Para o serviço de segurança industrial e saúde do trabalho isso muda o conteúdo do trabalho. Em vez do ciclo anual «pintamos, limpamos, trocamos o selo, medimos a resistência» surge o ciclo «inspecionamos, registramos, planejamos». É outra carga para a equipe e outra estrutura de riscos no plano de emergência.

Economia: investimento único contra despesas sem fim

A primeira pergunta que farão: quanto custa e para quê, se o tanque funciona assim mesmo. Eu respondo pela estrutura de custos e não por valores concretos, porque os valores são próprios de cada parque.

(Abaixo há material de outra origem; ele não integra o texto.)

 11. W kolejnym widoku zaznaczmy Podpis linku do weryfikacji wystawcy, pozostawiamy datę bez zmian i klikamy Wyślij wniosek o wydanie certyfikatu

Fig. 9. Um tanque tradicional exige despesas operacionais crescentes durante toda a vida útil. Um modernizado exige um investimento único e inspeções planejadas

Fig. 9. Um tanque tradicional exige despesas operacionais crescentes durante toda a vida útil. Um modernizado exige um investimento único e inspeções planejadas

Em um tanque tradicional com teto flutuante as despesas operacionais crescem à medida que o aço envelhece: pintura mais frequente, reparos de selos mais frequentes, mais paradas, e todo esse tempo o produto evapora. Em um tanque modernizado os gastos concentram-se no início e depois vêm as inspeções planejadas. O ponto em que os custos acumulados se igualam depende do clima, do produto e do estado do parque, mas ele sempre existe, e a partir dele cada ano trabalha a favor da modernização.

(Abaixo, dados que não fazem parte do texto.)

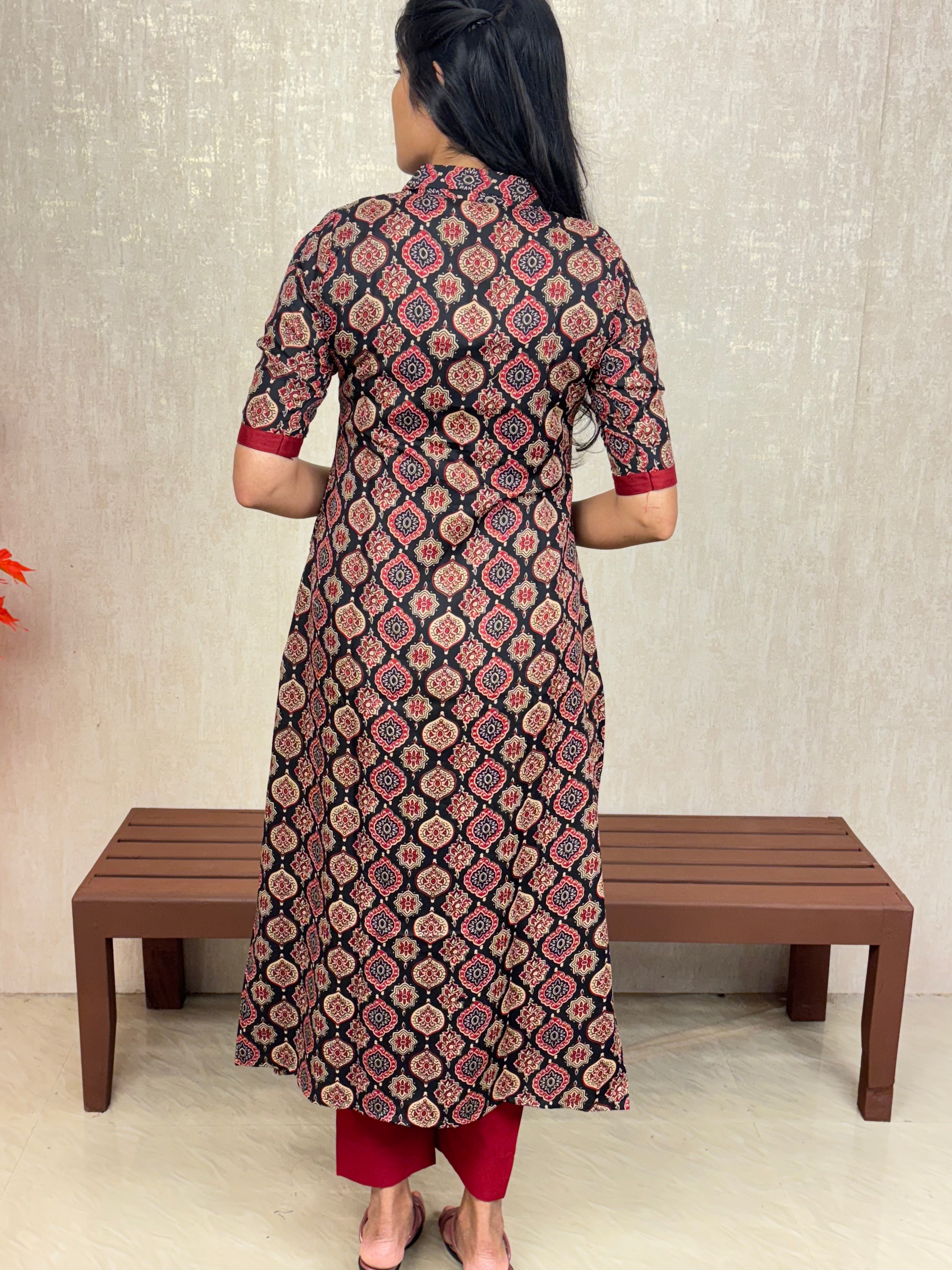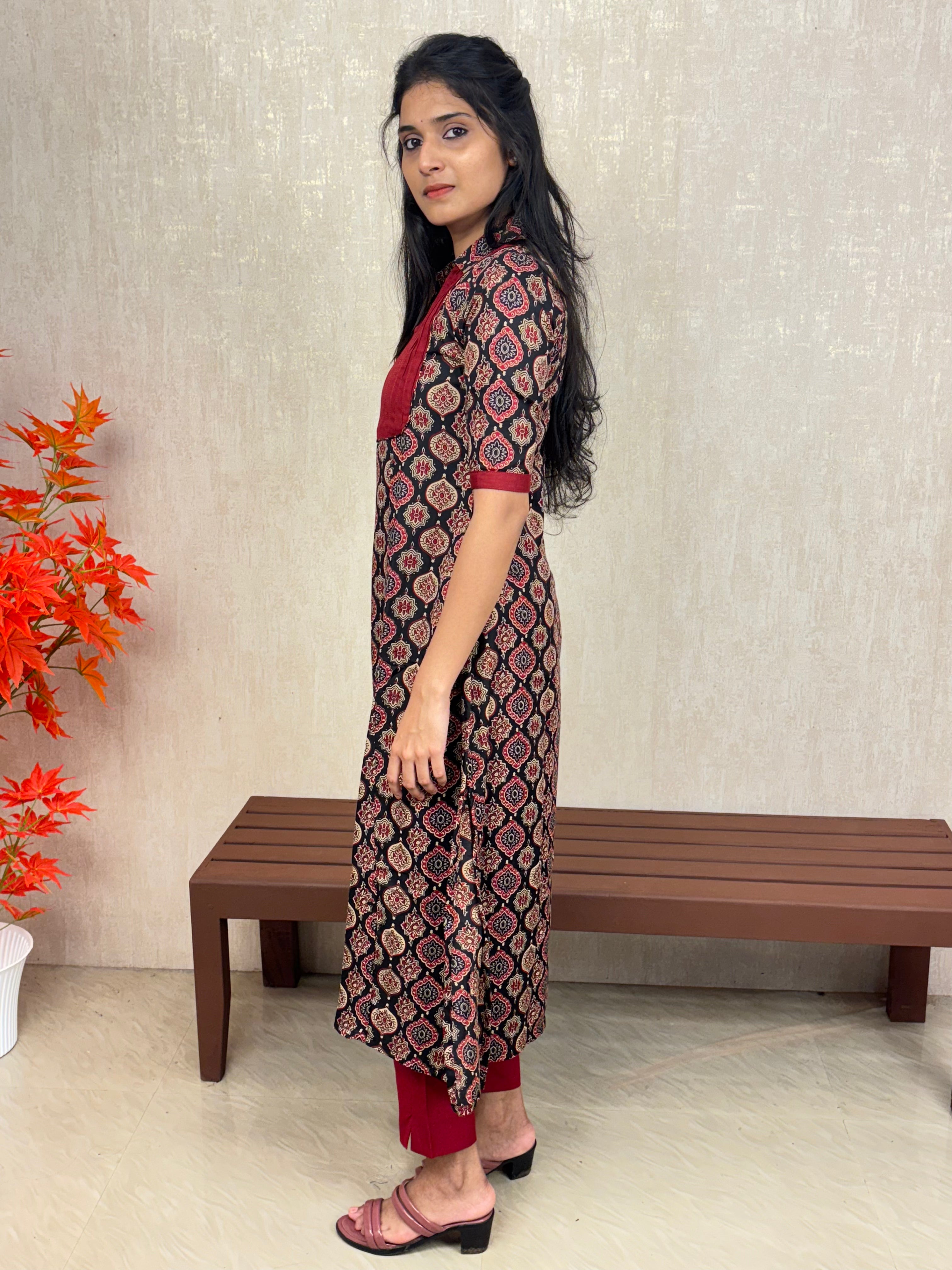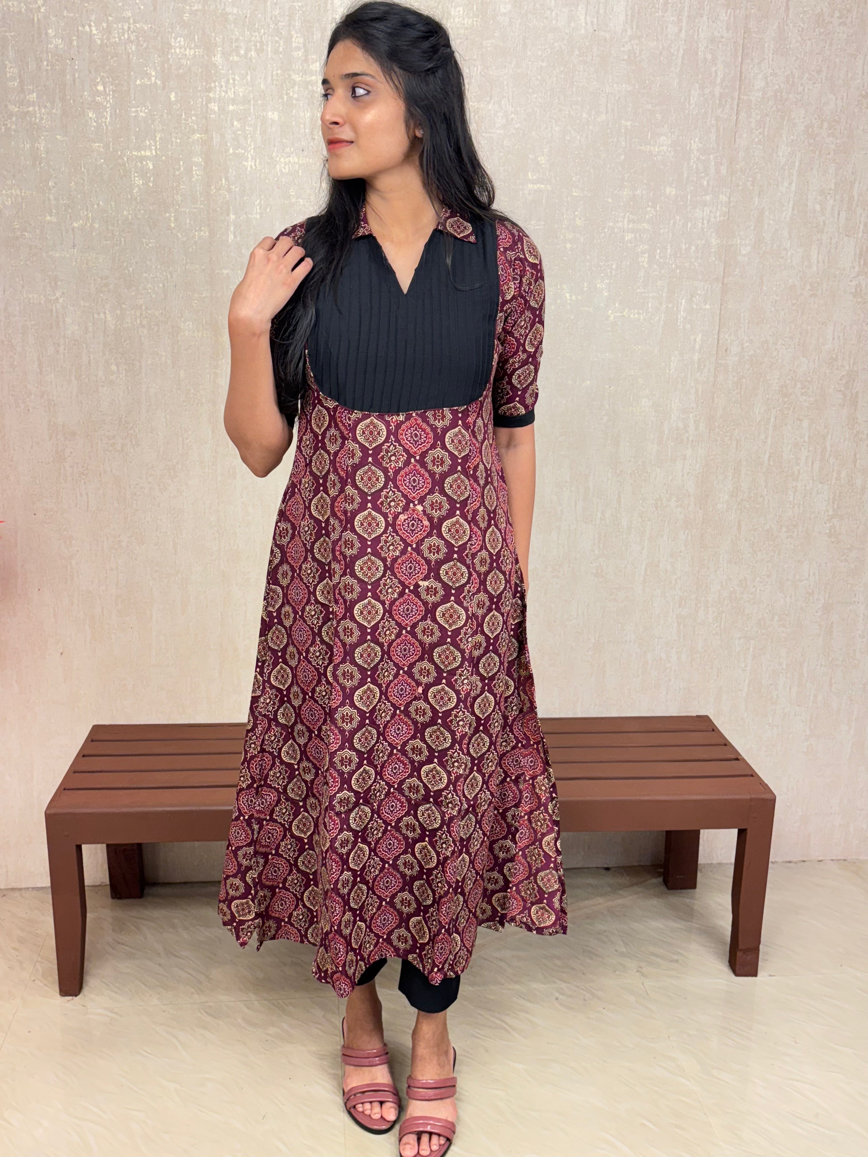 Bring comfort and style together with this elegant cotton A-line kurti set. Crafted from pure cotton, it features a mix... Read more

Três números que podem ser usados na conversa com a área financeira. A vida útil garantida de um tanque modernizado com proteção compósita é de 25 anos ou mais. A quantidade de solda na montagem de cúpulas e revestimentos é zero, e as instalações vizinhas não param. As emissões de mistura vapor-ar e as perdas por respiração são próximas de zero. O primeiro número trata do CAPEX, o segundo da receita perdida do terminal e o terceiro dos encargos ambientais e do fato de que cada metro cúbico de produto evaporado também foi pago por alguém.

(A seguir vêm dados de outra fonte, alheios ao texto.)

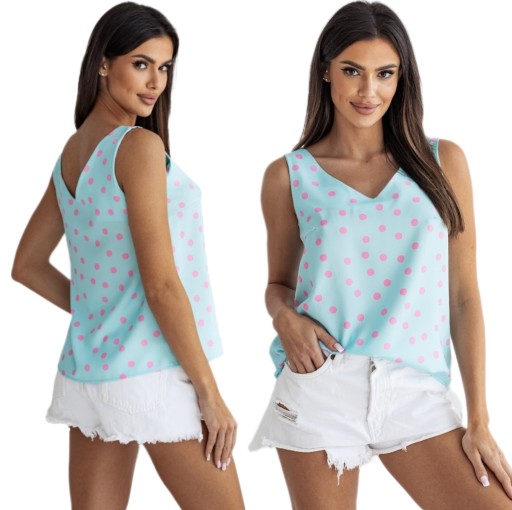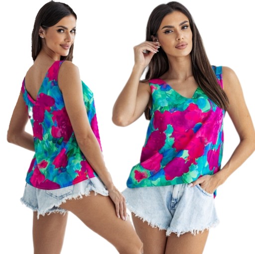 Ta damska bluzka na ramiączka z nadrukiem to idealna propozycja dla każdej kobiety, która chce wyróżnić się ze swoim stylem.
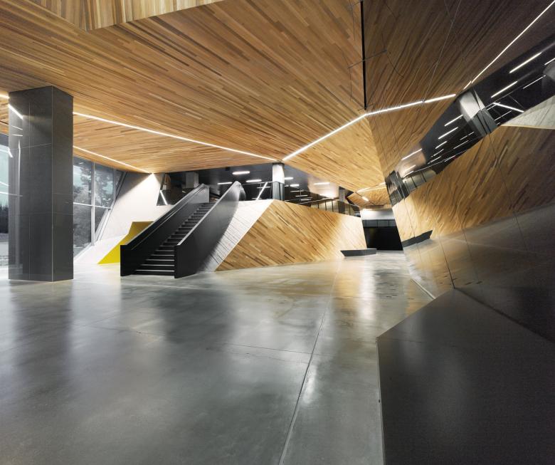 The building doesn’t resemble the forms of trees; it acts like them, at least in theory. (The western facade’s canted concrete bank suggests the sloping base of a tree trunk, although to local skateboarders it happily suggests a ramp at a skateboard park.) As you enter the building, you step into an expansive and dramatic passage rather than a typical lobby. The intention, says Saucier, was to evoke a stroll through the space between huge trees or rock formations.
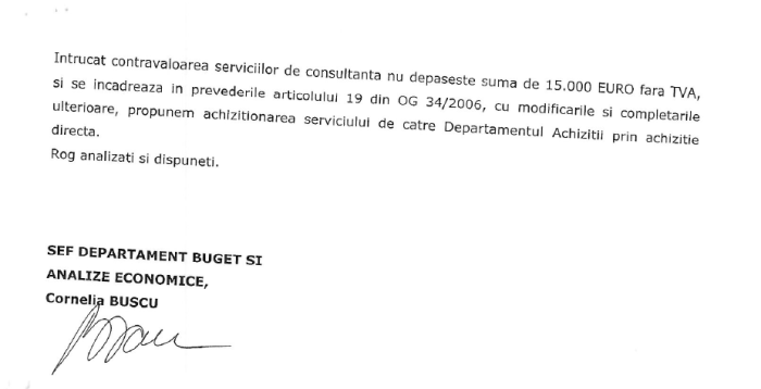 Așadar, în 20 ianuarie 2010, șefa departamentului ,,analize economice” din Poșta Română se trezește brusc dimineața și își definește nevoia (imediat aprobată de Tudor Bohâlțeanu) de ,,cercetare documentată științific” privind ,,Sistemul de indicatori pentru analiza performanțelor economico-financiare ale Companiei Naționale Poșta Română”. Mai sus, vedeți nota de fundamentare și inexplicabila evaluare a unui contract de consultanță de ,,aproximativ 10.500 de Euro fără TVA” pentru asta.
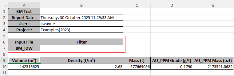 The Block model name and filter used for the Block Model Report are now written to the report file.
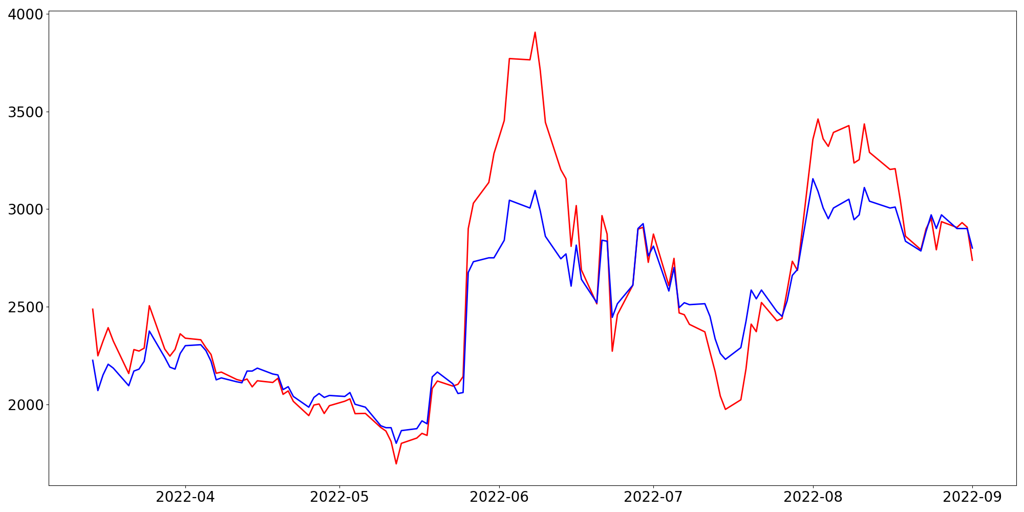 [ - : 실제값(종가) / - : 예측값(종가) ]

Aconselho não começar pelo pacote completo. Pegue um tanque com a lista de defeitos mais longa, calcule seu OPEX anual ao longo de três anos e compare com uma proposta de cúpula e pontão. Normalmente isso basta para que a conversa sobre orçamento passe do «para quê» ao «em que ordem».

Verifique você mesmo

  • A que documento remete o seu procedimento de inspeção dos dispositivos de aterramento: ao Guia de segurança para depósitos de petróleo, às normas federais de segurança ou à RD 153-39.4-078-01?
  • Quando foi a última vez que se escavou o eletrodo de aterramento no solo, em vez de apenas medir a resistência pela superfície?
  • Quantas vezes nos últimos três anos ficou água sobre o teto flutuante depois das chuvas, e isso está registrado no livro?
  • Qual é a temperatura do metal do teto ao meio-dia de julho? Se ninguém mediu, considere cerca de 60 °C.
  • O plano de emergência contempla o cenário de «alagamento do teto flutuante» e quem atua por ele durante a noite?
  • Se amanhã a perícia emitir parecer negativo sobre o fundo, quantos dias o tanque ficará fora de operação e existe um plano B?
  • No carregamento de querosene de aviação usam-se braços articulados de alumínio ou de aço?
  • Que parcela do orçamento anual do parque vai para trabalhos repetitivos que eliminam a consequência e não a causa?

Conclusão

Um parque de tanques não é uma sentença de reparo eterno. As tecnologias que listei não são exóticas: cúpulas e pontões internos estão instalados há muitos anos, revestimentos e proteções compósitas são usados em terminais em operação, e os requisitos de aterramento estão escritos no Guia, obrigatório para todos. Há aqui apenas uma novidade — olhar para o tanque como um sistema em que cada camada de proteção alivia a seguinte.

A tarefa de um serviço de segurança industrial não é apenas reagir a um incidente, mas também retirar da instalação as causas que tornam o incidente possível. Um tanque sem espaço de vapor, sem água no teto e com aterramento em ordem é um tanque que simplesmente tem menos formas de pegar fogo. É exatamente isso que eu chamo de gestão de risco.

As características técnicas das soluções (cúpula conforme API 650 Annex G / AWWA D108, revestimentos poliméricos, proteções compósitas de teto, requisitos de aterramento) são apresentadas de acordo com dados dos fabricantes e com o Guia de segurança vigente para depósitos e armazéns de derivados de petróleo. A escolha de uma solução concreta para uma instalação exige uma perícia de segurança industrial.